[SUPPLIED MATERIAL]
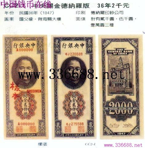 [图文]中央关金德纳罗版  36年2千元         ★★★
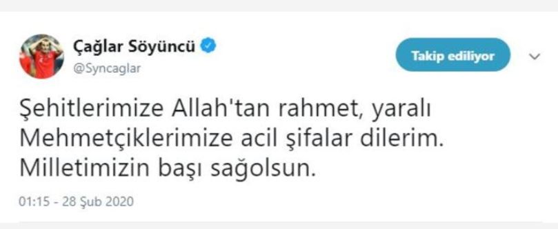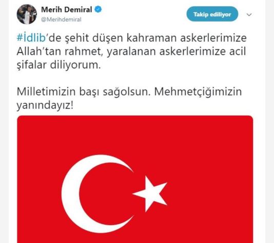 İdlib’de şehit düşen kahraman askerlerimize allah’tan rahmet, yaralanan askerlerimize acil şifalar diliyorum. milletimizin başı sağolsun. mehmetçiğimizin yanındayız!
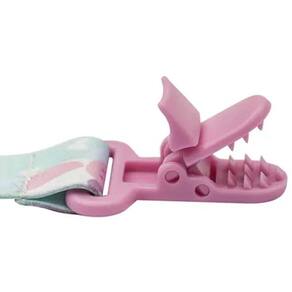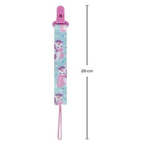 Prendedor de Chupeta para Bebê Buba com Fecho Trava e Estampa de Unicórnio Rosa.
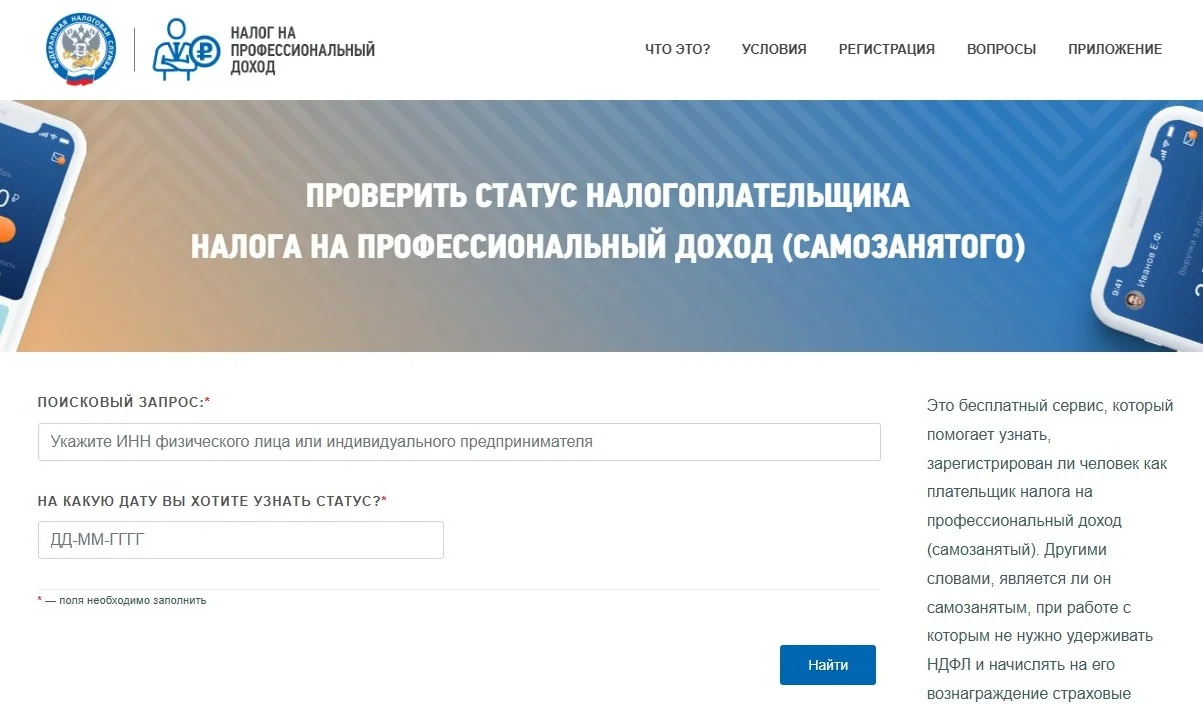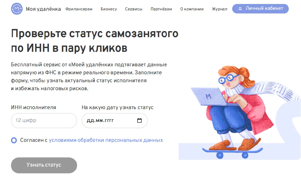 Через бесплатный сервис от «Моей удалёнки». Данные подтягиваются напрямую из налоговой. Достаточно указать ИНН физлица и дату проверки — и вы сразу получите результат на той же странице.
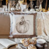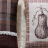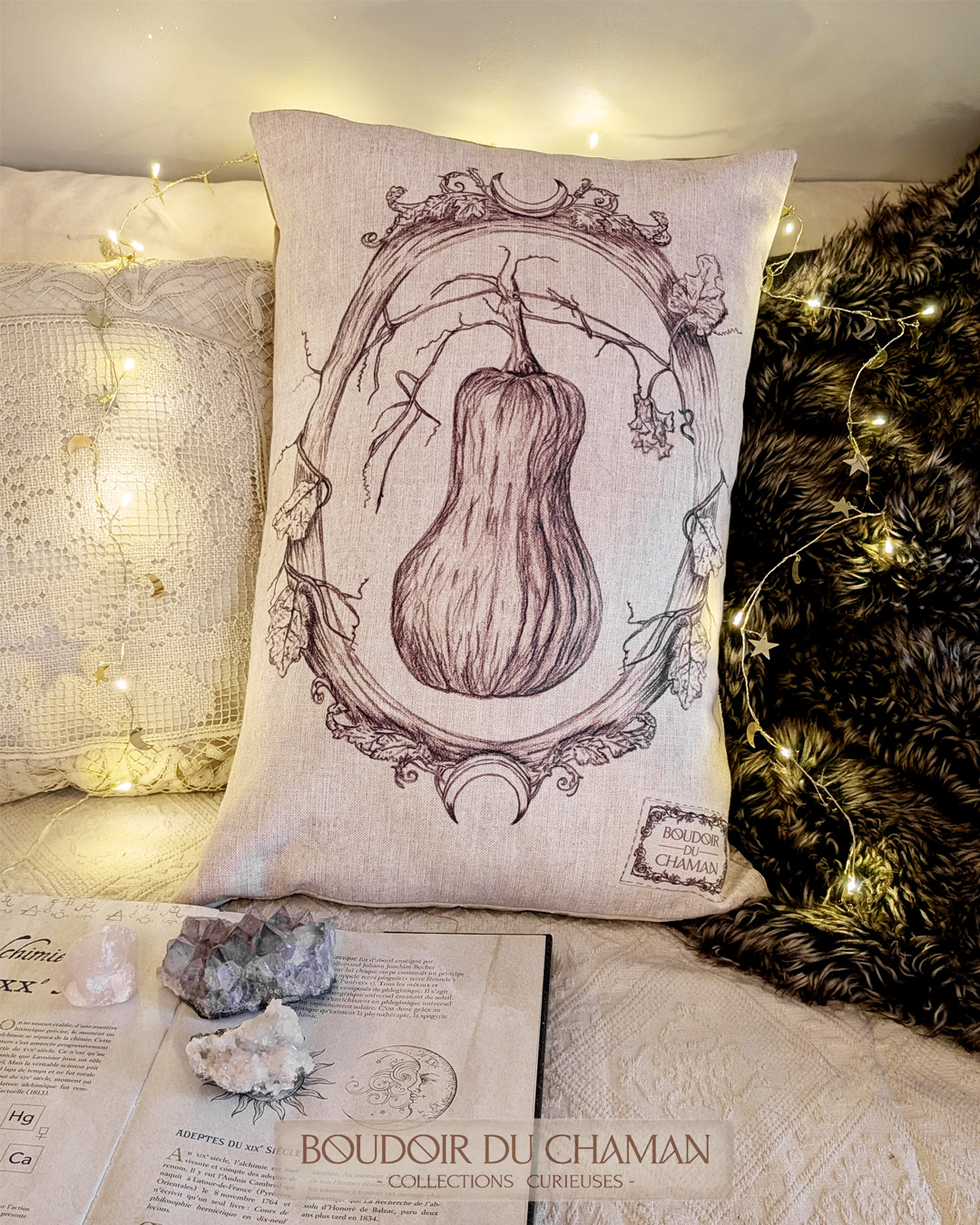Une courge butternut aux feuillages séché hivernal entremêlé dans son cadre baroque aux accents magiques. Cette illustration a été réalisée « à l’ancienne » dans le boudoir, au crayon aquarelle et à partir d’une courge de mon jardin. Le dos est brodé de dentelle. Lavage à la main ou à 30° en cycle court. Ne pas passer au sèche linge.
[/SUPPLIED MATERIAL]
INSTRUCTIONS FOR THE TASK ▸
For this copy, leave pictures out and reproduce the lines from the one bearing "Через бесплатный сервис" through the final line of the listing above, both ends included.

WRITTEN ANSWER ▸
 Через бесплатный сервис от «Моей удалёнки». Данные подтягиваются напрямую из налоговой. Достаточно указать ИНН физлица и дату проверки — и вы сразу получите результат на той же странице.
Une courge butternut aux feuillages séché hivernal entremêlé dans son cadre baroque aux accents magiques. Cette illustration a été réalisée « à l’ancienne » dans le boudoir, au crayon aquarelle et à partir d’une courge de mon jardin. Le dos est brodé de dentelle. Lavage à la main ou à 30° en cycle court. Ne pas passer au sèche linge.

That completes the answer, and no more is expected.